DATA UNDER STUDY
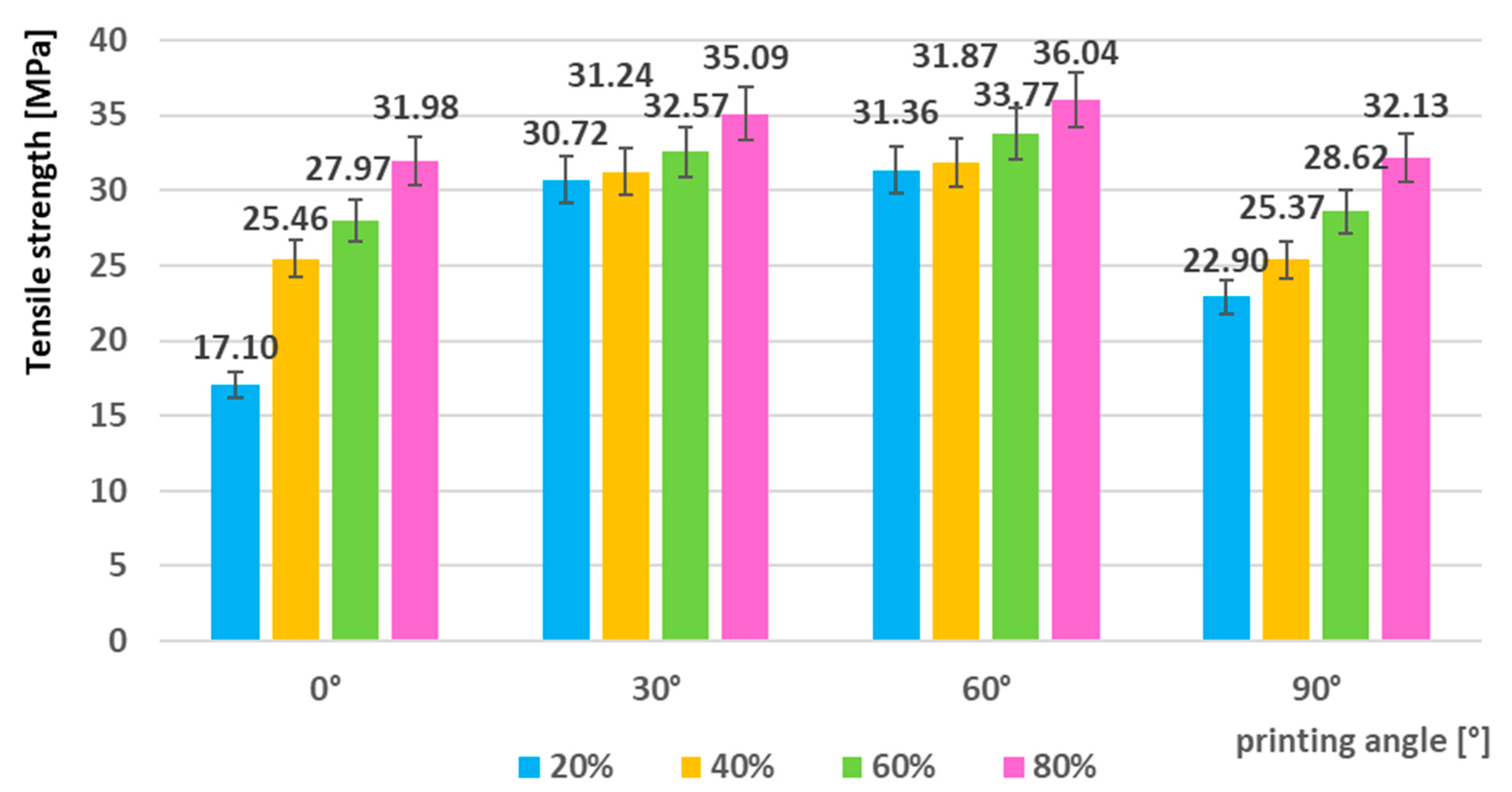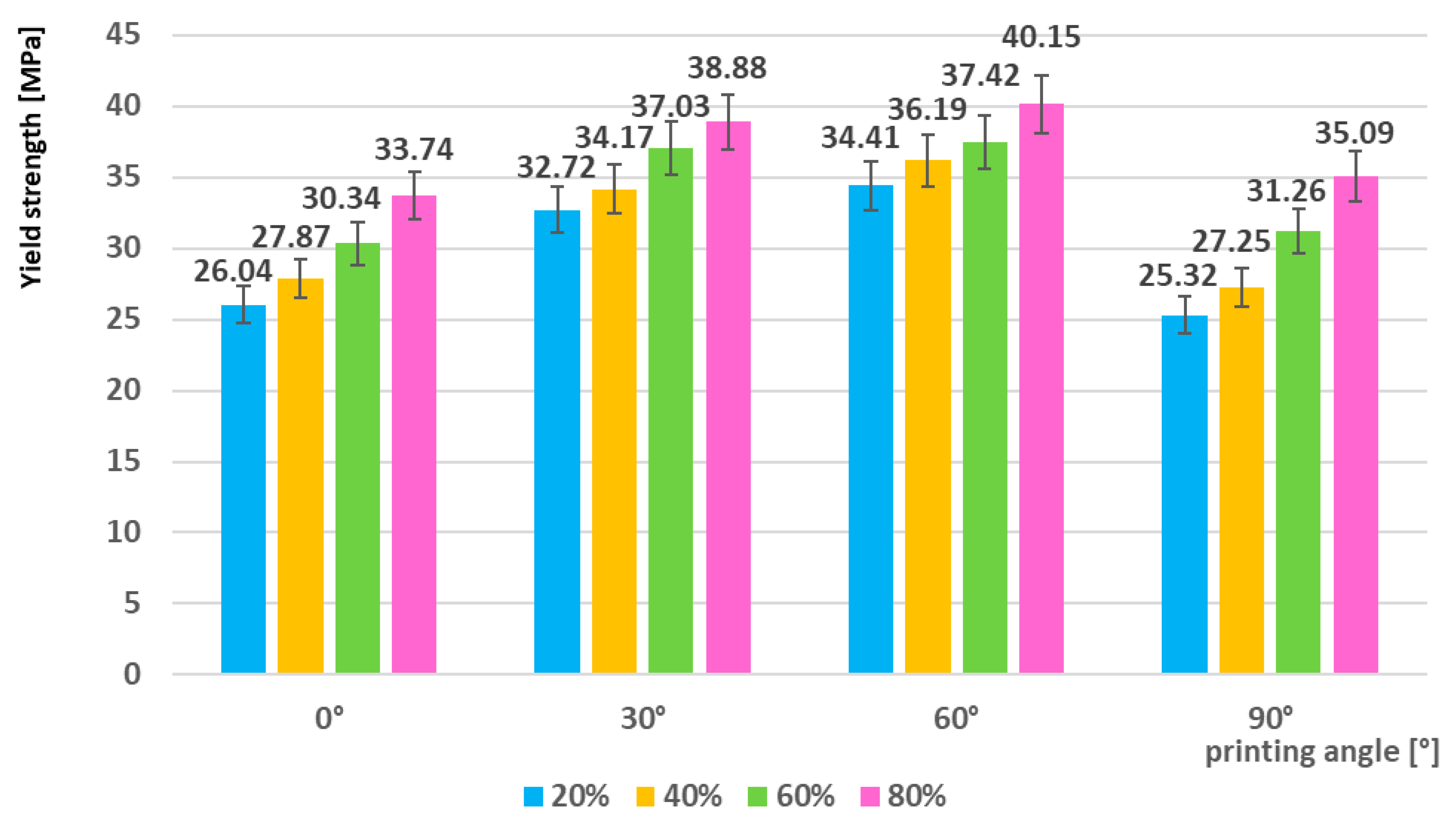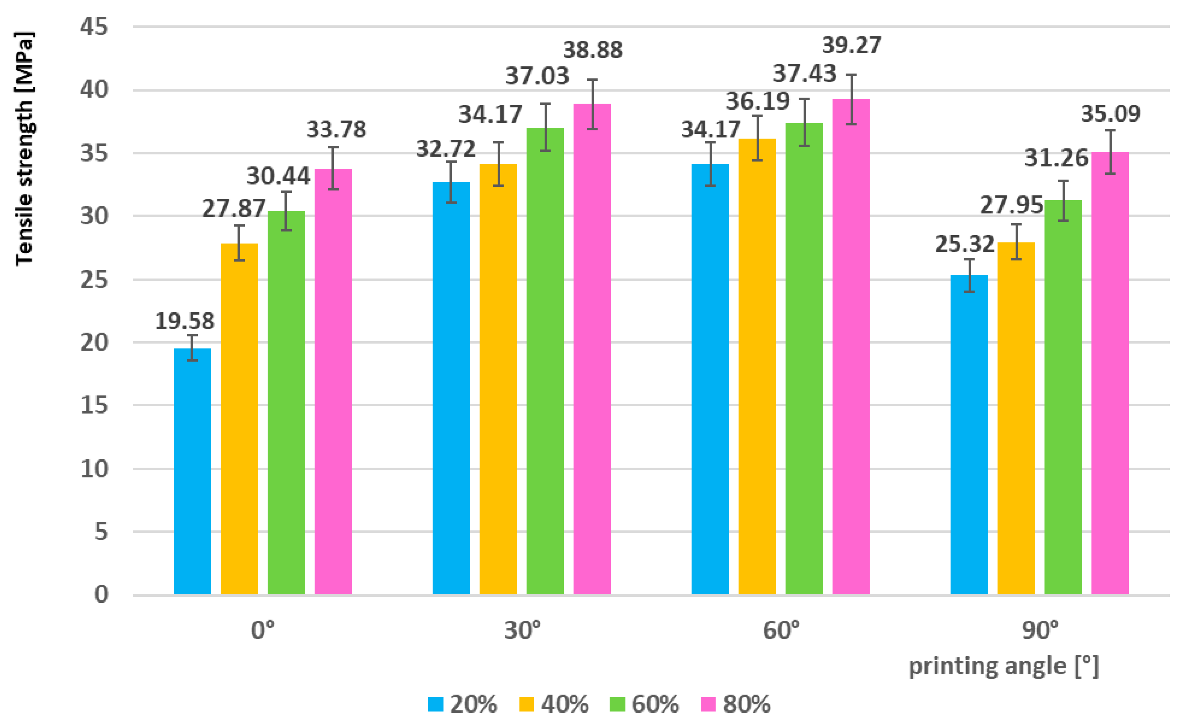 - Tensile tests of the as-printed specimens demonstrated a clear dependence of mechanical performance on the filling density and printing orientation. The mechanical properties systematically increased with higher infill density, confirming the positive correlation between material compactness and load-bearing capacity. The lowest tensile strength was observed for the 0°/20% configuration (19.58 MPa), whereas the highest values were achieved at 60°/80% (tensile strength 39.27 MPa, yield strength 40.15 MPa, and elastic modulus 1540.45 MPa). This represents an improvement of approximately 100% in tensile strength and about 54% in both yield strength and modulus compared to the weakest configuration. A subsequent decline at 90° indicates that excessive fiber misalignment can reduce the overall mechanical integrity of printed parts.
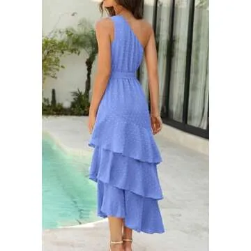 Show more Step into summer with confidence and style wearing the PRETTYGARDEN Women's Summer Floral Sundress. This delightful midi dress, crafted from lightweight, soft, and breathable fabric, is perfect for those sunny days ahead. The unique one-shoulder design sets this dress apart, while the tiered ruffles add an adorable flair, making it a **must-have** for any fashion-forward woman's wardrobe. The floral patterns come in various colors like Swiss Dot Blue, allowing you to express your personality effortlessly. Feel comfortable and chic whether you're at a beach picnic, a casual brunch, or a summer wedding.
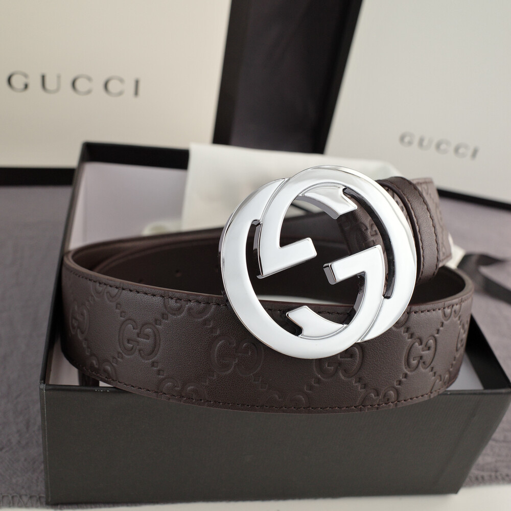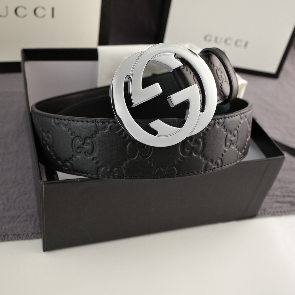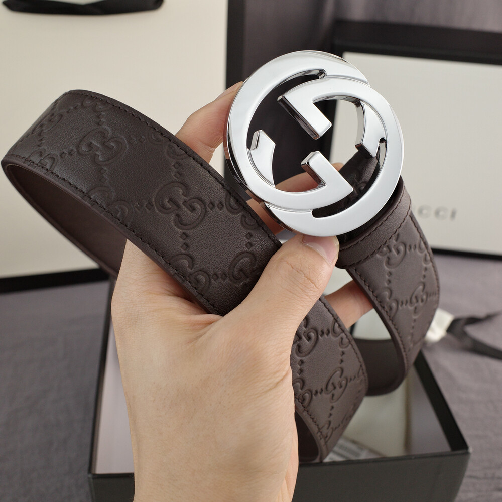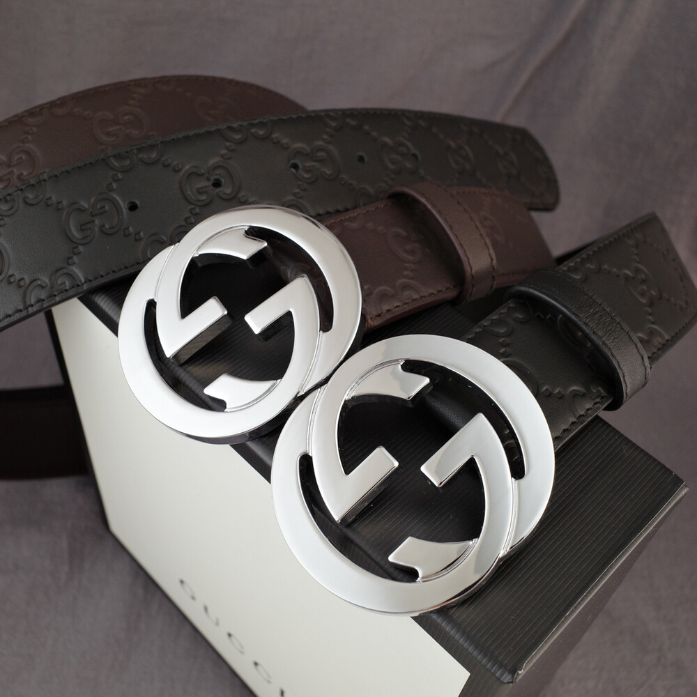 □G.UCCI 인터로킹 G버클 시그니처 가죽 벨트□
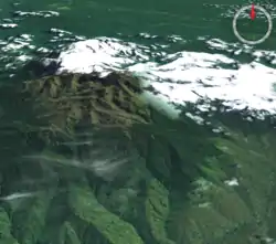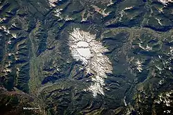 "The volcano’s summit and upper flanks are covered by several glaciers that appear as a white mass surrounding the 1-kilometer- (0.6-mile-) wide Arenas Crater; meltwater from these glaciers has incised the gray to tan ash and pyroclastic flow deposits mantling the lower slopes. A well-defined lava flow is visible at image lower right. This astronaut photograph was taken at approximately 7:45 a.m. local time, when the Sun was still fairly low above the horizon, leading to shadowing to the west of topographic high points."[35]
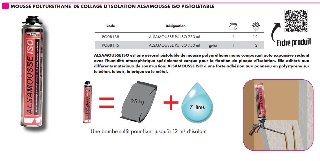 Mousse PU de collage d'isolation ALSAMOUSSE ISO pistolable -  Fiche technique

TASK GOAL
Retype the entire listing exactly as it appears, dropping only the pictures.

ANSWER TO THIS TASK
 - Tensile tests of the as-printed specimens demonstrated a clear dependence of mechanical performance on the filling density and printing orientation. The mechanical properties systematically increased with higher infill density, confirming the positive correlation between material compactness and load-bearing capacity. The lowest tensile strength was observed for the 0°/20% configuration (19.58 MPa), whereas the highest values were achieved at 60°/80% (tensile strength 39.27 MPa, yield strength 40.15 MPa, and elastic modulus 1540.45 MPa). This represents an improvement of approximately 100% in tensile strength and about 54% in both yield strength and modulus compared to the weakest configuration. A subsequent decline at 90° indicates that excessive fiber misalignment can reduce the overall mechanical integrity of printed parts.
 Show more Step into summer with confidence and style wearing the PRETTYGARDEN Women's Summer Floral Sundress. This delightful midi dress, crafted from lightweight, soft, and breathable fabric, is perfect for those sunny days ahead. The unique one-shoulder design sets this dress apart, while the tiered ruffles add an adorable flair, making it a **must-have** for any fashion-forward woman's wardrobe. The floral patterns come in various colors like Swiss Dot Blue, allowing you to express your personality effortlessly. Feel comfortable and chic whether you're at a beach picnic, a casual brunch, or a summer wedding.
 □G.UCCI 인터로킹 G버클 시그니처 가죽 벨트□
 "The volcano’s summit and upper flanks are covered by several glaciers that appear as a white mass surrounding the 1-kilometer- (0.6-mile-) wide Arenas Crater; meltwater from these glaciers has incised the gray to tan ash and pyroclastic flow deposits mantling the lower slopes. A well-defined lava flow is visible at image lower right. This astronaut photograph was taken at approximately 7:45 a.m. local time, when the Sun was still fairly low above the horizon, leading to shadowing to the west of topographic high points."[35]
 Mousse PU de collage d'isolation ALSAMOUSSE ISO pistolable -  Fiche technique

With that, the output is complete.